The comments come as the UK tax authority this week told MPs that blowback from the industry prompted its recent decision to scrap controversial plans to slash its telephone helpline service.

Last month, HMRC announced that from April phone services to assist with self-assessment returns, VAT and pay-as-you-earn issues would close for six months and taxpayers would instead be steered towards its online services.

The move that led to an outcry among business groups. HMRC reversed its decision a day later. 

The tax authority was admonished in February for what MPs on the Commons public accounts committee called “unacceptable” customer service. The committee called on the government to increase the department’s resources.

HMRC had previously told ministers it needed to reduce drastically the volume of its interactions with the public via phone and post if it was to deliver its services with existing resources.

Ellen Milner, director of public policy at the Chartered Institute of Taxation, which has 19,000 members, said HMRC’s digital services “aren’t yet good enough” and need to be improved to enable the tax office to “scale down their phone lines without risking harming compliance”.

On Wednesday, Jim Harra, HMRC’s chief executive, told the Treasury select committee that discussions about additional funding for the department had been positive and constructive but he is yet to receive a decision from ministers.

More frontline resources are essential to bring down long wait times, according to Frank Haskew, head of taxation strategy at the Institute of Chartered Accountants in England and Wales, a professional body with more than 208,000 members. “However, the situation is unlikely to improve in the short term as it will take time for HMRC to train up staff,” he said.

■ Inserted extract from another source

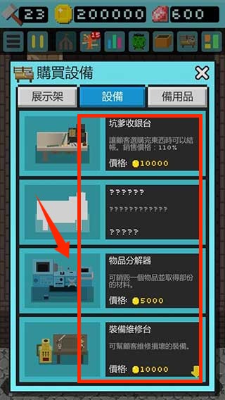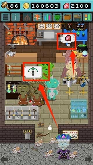 1、玩家開啟游戲后先經(jīng)營道具屋,招募木乃伊、巫妖等奇特怪獸,為怪獸分發(fā)裝備,提升隊伍整體實力,為冒險戰(zhàn)斗做好準(zhǔn)備。

Small UK companies spend a collective £25bn on tax compliance each year, according to the Federation of Small Businesses, whose members are “highly concerned” about service levels at HMRC. 

“Extra funding for HMRC’s customer service channels is badly needed, along with an attitude shift,” said Tina McKenzie, policy chair at the FSB, “and if HMRC’s helplines are resourced to the level required, it will be an enormous help. But that is a big if. In the short to medium term, it’s fair to say that small businesses will continue to dread having to interact with HMRC.”